K. Ickmans, PT, MSc, Pain in Motion Research Group, Department of Human Physiology and Physiotherapy, Faculty of Physical Education and Physiotherapy, Vrije Universiteit Brussel, Brussels, Belgium; Pain in Motion Research Group, Division of Musculoskeletal Physiotherapy, Department of Health Care Sciences, Artesis University College, Antwerp, Belgium; and Pain in Motion Research Group, Department of Physical Medicine and Physiotherapy, University Hospital Brussels, Brussels, Belgium.
Phys Ther. 2014 Apr;94(4):511-22. doi: 10.2522/ptj.20130367. Epub 2013 Dec 20.
Both good physical and cognitive functioning have a positive influence on the execution of activities of daily living. Patients with chronic fatigue syndrome (CFS) as well as patients with fibromyalgia have marked cognitive deficits. Furthermore, a good physical and functional health status may have a positive impact on a variety of cognitive skills-a link that has been observed in young and old individuals who are healthy, although evidence is limited in patients with CFS.
The purpose of this study was to examine whether recovery of upper limb muscle function could be a significant predictor of cognitive performance in patients with CFS and in patients with CFS and comorbid fibromyalgia. Furthermore, this study determined whether cognitive performance is different between these patient groups.
A case-control design was used.
Seventy-eight participants were included in the study: 18 patients with CFS only (CFS group), 30 patients with CFS and comorbid fibromyalgia (CFS+FM group), and 30 individuals who were healthy and inactive (control group) were studied. Participants first completed 3 performance-based cognitive tests designed to assess selective and sustained attention, cognitive inhibition, and working memory capacity. Seven days later, they performed a fatiguing upper limb exercise test, with subsequent recovery measures.
Recovery of upper limb muscle function was found to be a significant predictor of cognitive performance in patients with CFS. Participants in the CFS+FM group but not those in the CFS group showed significantly decreased cognitive performance compared with the control group.

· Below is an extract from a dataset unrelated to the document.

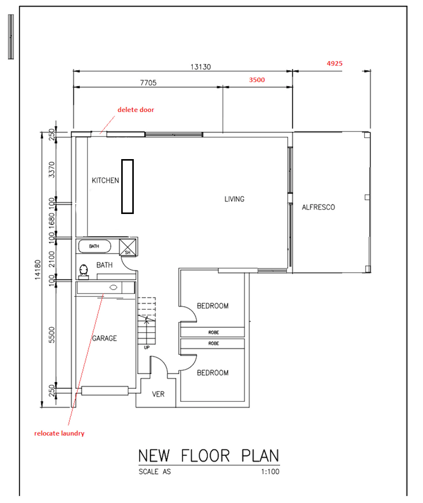 This is what our builder has proposed, the living and dining space is being pushed out by 3.5m and the laundry is moving to the garage.

The cross-sectional nature of this study does not allow for inferences of causation.
The results suggest that better physical health status could predict better mental health in patients with CFS. Furthermore, they underline disease heterogeneity, suggesting that reducing this factor in future research is important to better understand and uncover mechanisms regarding the nature of diverse impairments in these patients.
良好的身体和认知功能都对日常生活活动的执行有积极影响。慢性疲劳综合征(CFS)患者和纤维肌痛患者都有明显的认知缺陷。此外,良好的身体和功能健康状况可能对各种认知技能产生积极影响——这种联系在健康的年轻人和老年人中都有观察到,尽管在 CFS 患者中的证据有限。
本研究的目的是检验上肢肌肉功能的恢复是否可以成为 CFS 患者和 CFS 合并纤维肌痛患者认知表现的重要预测指标。此外,本研究还确定了这些患者群体之间的认知表现是否存在差异。
采用病例对照设计。
本研究纳入了 78 名参与者:18 名单纯 CFS 患者(CFS 组)、30 名 CFS 合并纤维肌痛患者(CFS+FM 组)和 30 名健康不活跃的个体(对照组)。参与者首先完成了 3 项基于表现的认知测试,旨在评估选择性和持续性注意力、认知抑制和工作记忆能力。7 天后,他们进行了一项使人疲劳的上肢运动测试,并进行了后续的恢复测量。
上肢肌肉功能的恢复被发现是 CFS 患者认知表现的重要预测指标。与对照组相比,CFS+FM 组的参与者而非 CFS 组的参与者表现出明显的认知表现下降。
本研究的横断面性质不允许进行因果推论。
结果表明,更好的身体健康状况可以预测 CFS 患者的更好的心理健康。此外,它们强调了疾病的异质性,表明在未来的研究中减少这一因素对于更好地理解和揭示这些患者各种损伤的性质的机制非常重要。